70% of Streaming TV Viewing in Primetime Involves Other Activities –- Same as for Live TV, DVR Watching


GfK study shows multitasking with primetime TV is more common among women and for unplanned viewing

Advertisers trying to capture the attention of today’s distracted consumers might think that streaming and on-demand platforms – which give viewers greater control over what they watch – might lead to higher levels of engagement. But new GfK research during primetime reveals a remarkable uniformity of multitasking levels across all of today’s major TV platforms.

The study, How People Use® Media: Primetime TV 2015, explored TV set use in each hour of primetime; it shows that the proportion of primetime TV viewing segments that also include other activities is essentially the same for traditional live (linear) TV (69%), DVR recordings (70%), and online streaming through a TV (71%).

To download an infographic from this study, click here

GfK has been tracking reports of “other activities” during the first hour of primetime in four studies going back to 2004; multitasking levels have remained stable during that hour, from 75% in 2004 to 77% this year.

In the latest research, GfK did find several factors associated with higher levels of multitasking with primetime TV:

  • Men are more likely to report other activities than women (74% versus 64%).
  • Young adults (ages 18 to 34) also multitask more in primetime – 73%, compared to 66% each for viewers in the 35-to-49 and 50-to-64 groups.
  • Unplanned viewing segments include more potential distractions – 75% have other activities, versus 64% for “appointment” viewing.

Unplanned viewing segments include more potential distractions – 75% have other activities, versus 64% for “appointment” viewing.

“Although multitasking while using a TV set has been common for many years, the digital ‘second screen’ is now a way of life for many consumers,” said David Tice, Senior Vice President of GfK’s Media & Entertainment team. “Increased purposeful viewing provides opportunities for tapping into deeper engagement among key audiences and in certain contexts. But advertisers and agencies also need to keep experimenting with the ways to make the most of ‘TV plus’ activities, reaching their most important customers on more than one screen through creativity and highly motivating messages.”

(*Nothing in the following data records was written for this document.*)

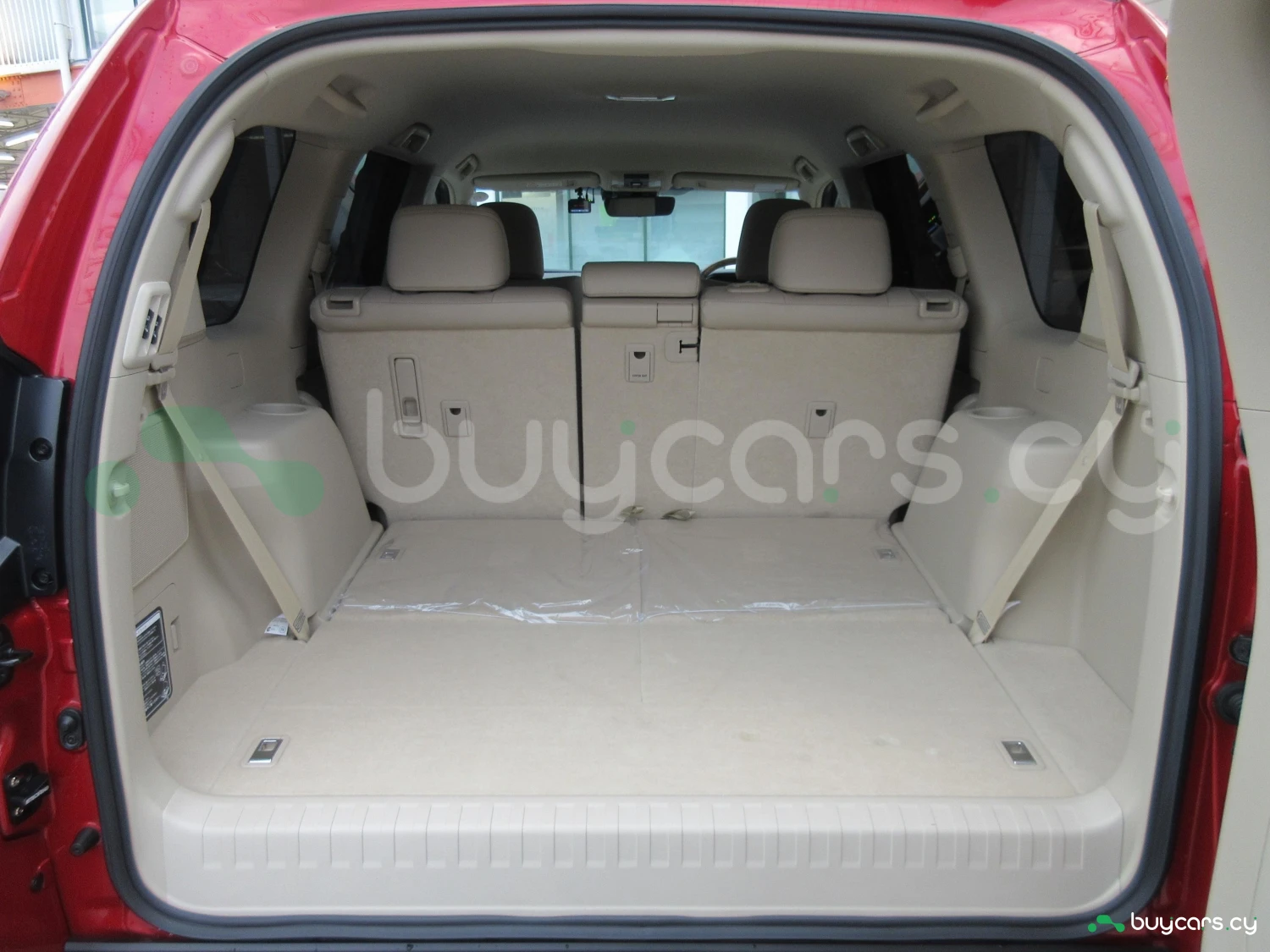 Off-road SUV, 5 doors, 7 seats, 2.8L diesel turbo engine (2800cc), 6-speed automatic transmission with manual mode, 4WD, right-hand drive, Red Mica Metallic, TZ-G grade, Modellista aero kit, multi-terrain monitor, multi-terrain select, electric rear differential lock, adaptive cruise control, lane keep assist, collision mitigation braking, blind spot monitor (BSM), rear traffic alert, LED adaptive headlights, front fog lights, roof rails, genuine leather seats (heated & ventilated), power seats, 3-row seating, cold weather package, navigation system, display audio (Apple CarPlay / Android Auto), ETC, dashcam, air suspension, smart key, keyless entry, power windows, dual-zone automatic air conditioning, aluminum wheels, anti-skid system, anti-theft device.
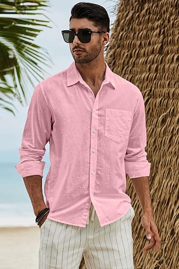 Material: Our fashion men’s button down long sleeve dress shirts are made with high-quality cotton linen fabric, ensuring breathability, lightweight feel, and softness. The fabric is also skin-friendly, providing comfort throughout the day. It can be worn as a casual shirt or a dress shirt, offering versatility. Check out our real video demonstrating each color option of this men’s linen shirt for your reference.
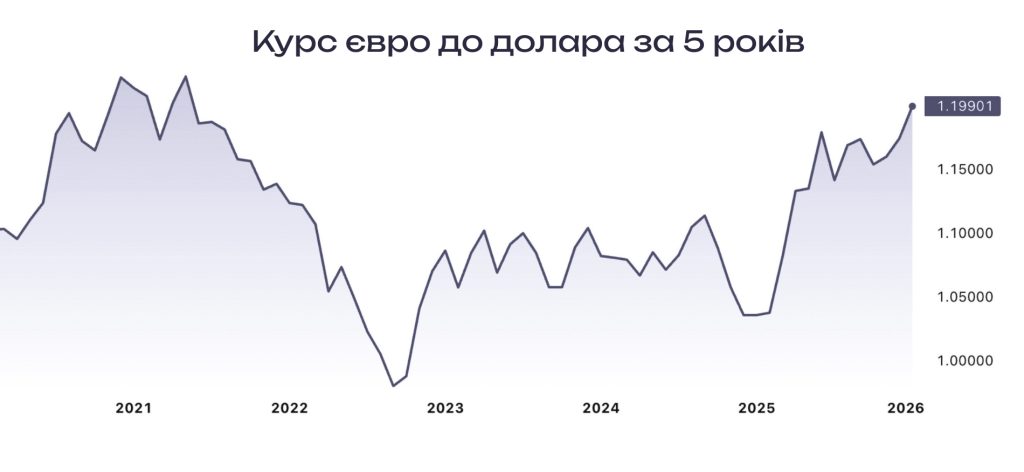 Курс євро побив кількарічний рекорд до долара і сягнув сьогодні рівня 1,1989. Такого дорого євро до долара коштував ще в червні 2021 року.
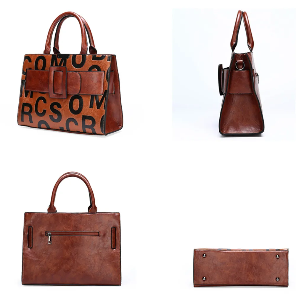 3 комплекта винтажных женских кожаных сумок с надписью, большие сумки с пряжкой на ремне, дизайнерская Высококачественная сумка через плечо для женщин, сумка-тоут
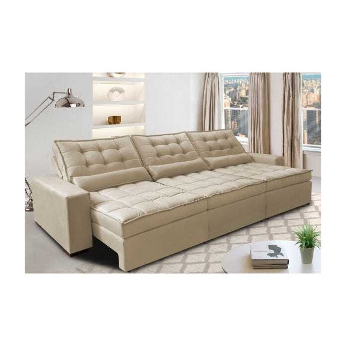 Sofá Retrátil e Reclinável 3.52M com Molas Ensacadas Cama Inbox Gold Tecido Suede Velusoft Bege Bege
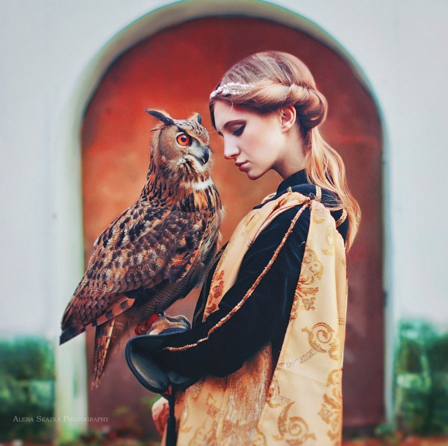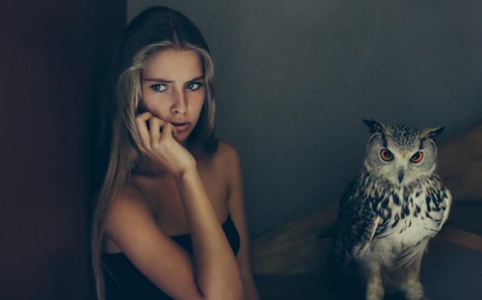 Девушка красотка и Филин птица
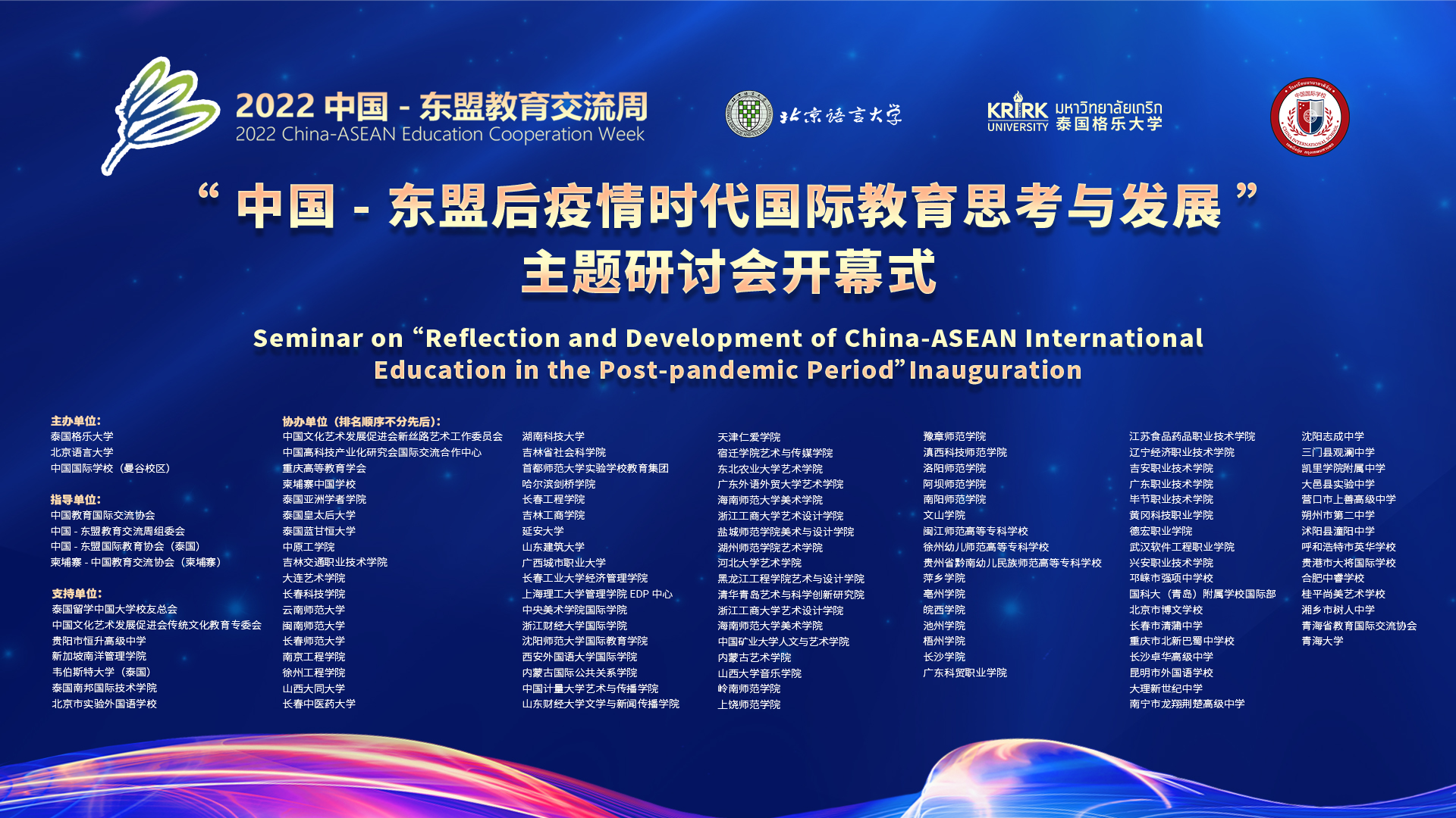 12月3日至4日,中国-东盟教育交流周“后疫情时代国际教育思考与发展”主题研讨会在泰国曼谷举办。此次研讨会在中国教育国际交流协会、中国东盟国际教育协会等单位的指导下,由泰国格乐大学、泰国-中国国际环球网_环球(中国)和北京语言大学三校联合主办,旨在增进中国与东盟友谊,开展教育合作,加强区域间文化交流。我校作为研讨会协办单位之一线上参加活动。校长陈权、副校长王朝勇参加了会议。
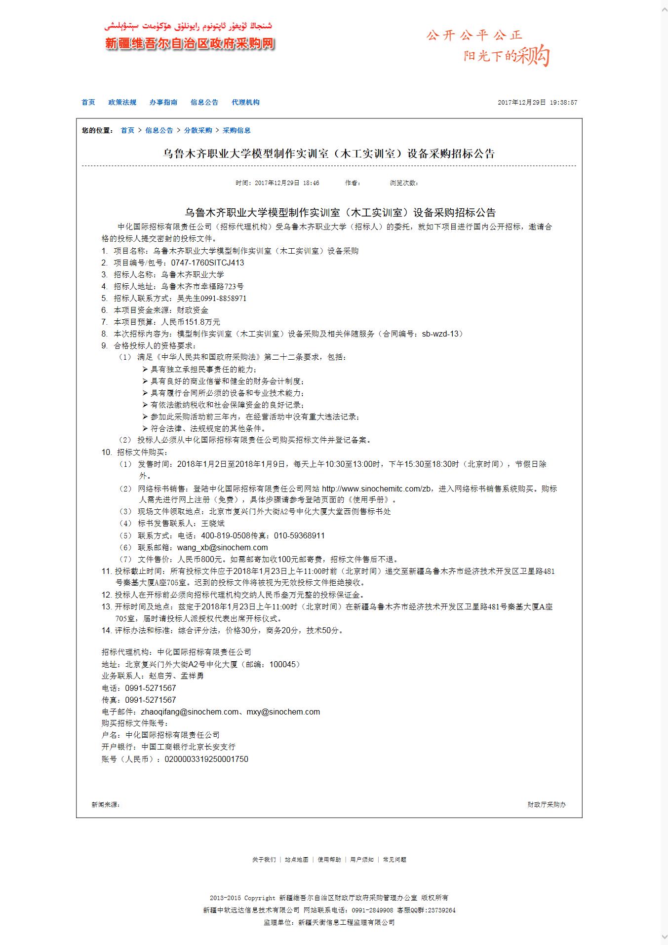 乌鲁木齐职业大学模型制作实训室(木工实训室)设备采购招标公告
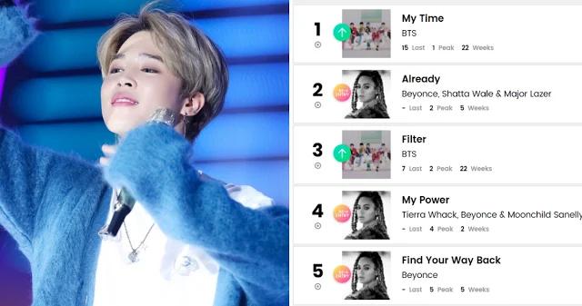 “My Time " подскочил с #15 до #1 между прошлой неделей и этой неделей, благодаря преданным поклонникам, благодаря которым продажи сингла подскочили на невероятные 733% с 3000 новыми продажами! Арми сделали это в качестве подарка на день рождения для Чонгкука, которому 1 сентября исполнится 23 года. Альбом, из которого взята эта песня , Map of the Soul: 7, сделал свою собственную серию достижений на Billboard, дебютировав на #1 в чарте Billboard 200, а также проведя в общей сложности 19 недель на #1 в мировом чарте альбомов.
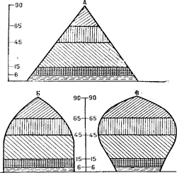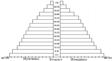 Рис. 4.1. Половозрастная пирамида Существуют 3 типа половозрастных пирамид (по Ф. Бургдёрферу) (рис. 4.2) [10]: А. Прогрессивный тип пирамиды. Имеет форму правильного треугольника и соответствует прогрессивному типу возрастной структуры населения. Б. Стационарный тип пирамиды. Форма колокола. Соответствует стационарному типу возрастной структуры населения. В. Регрессивный тип пирамиды. Форма урны. Соответствует регрессивному типу возрастной структуры населения.
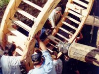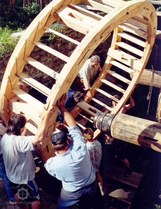 Obě současná vodní kola byla zhotovena panem Josefem Kudrnou, sekerníkem z Dolního Radíkova u Českého Rudolce. Hřídele vodních kol, tzv. vály, byly tesány z dubových kmenů získaných před léty z lužního lesa u Břeclavi pod přístřeškem dvora přímo na místě samém. Po okování byly složitě pomocí mechanismů nasoukány do otvorů proražených v návodní stěně hamerny a uloženy do ložisek, jak v hamerně, tak v lednici. Na hřídel pro pohon hamerského kladiva byl potom navlečen litý nákružek opatřený palci, které budou stlačovat dvojzvratnou páku topora hamerského kladiva, tzv. kobyly, a také oba věnce vodních kol. Věnce kol opatřené korečkovými lopatkami jsou spojeny s vály šesti rameny na dlab. Ramena v tomto případě procházejí ve vzájemném částečném přesazení hřídelem vodního kola.
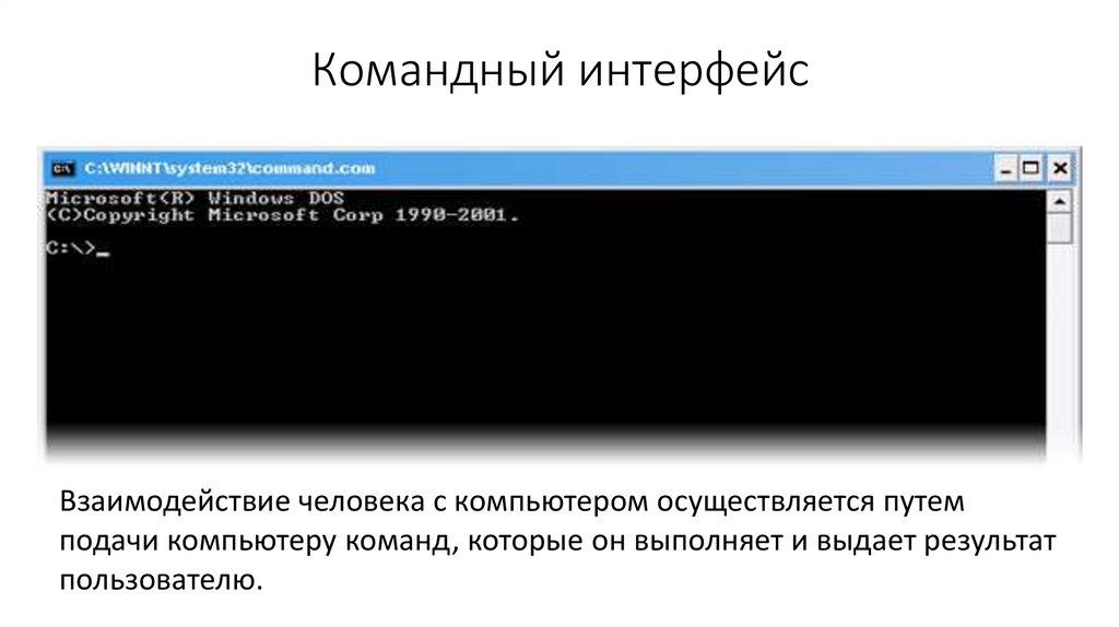 Командный интерфейсВзаимодействие человека с компьютером осуществляется путем

The most common specific other activity with primetime TV is talking with others -- whether in person or on a phone -- which is reported by an average of 24% of viewers across primetime. Internet use is another popular activity across all three hours of primetime (an average of 29%, including all types of digital activity), while eating/snacking is a sizable factor in the first hour of primetime (30% of viewers) but falls off by the third hour (12%). Overall the study listed 22 types of other activities.

As the latest in four waves since 2004, How People Use® Media: Primetime TV 2015 shows changes in primetime TV usage over that period. The report looks at how people perceive their “typical” television behavior as well as their actual viewing behavior, by detailing their use of TV sets during primetime yesterday; the study also explores trends in attitudes towards primetime advertising.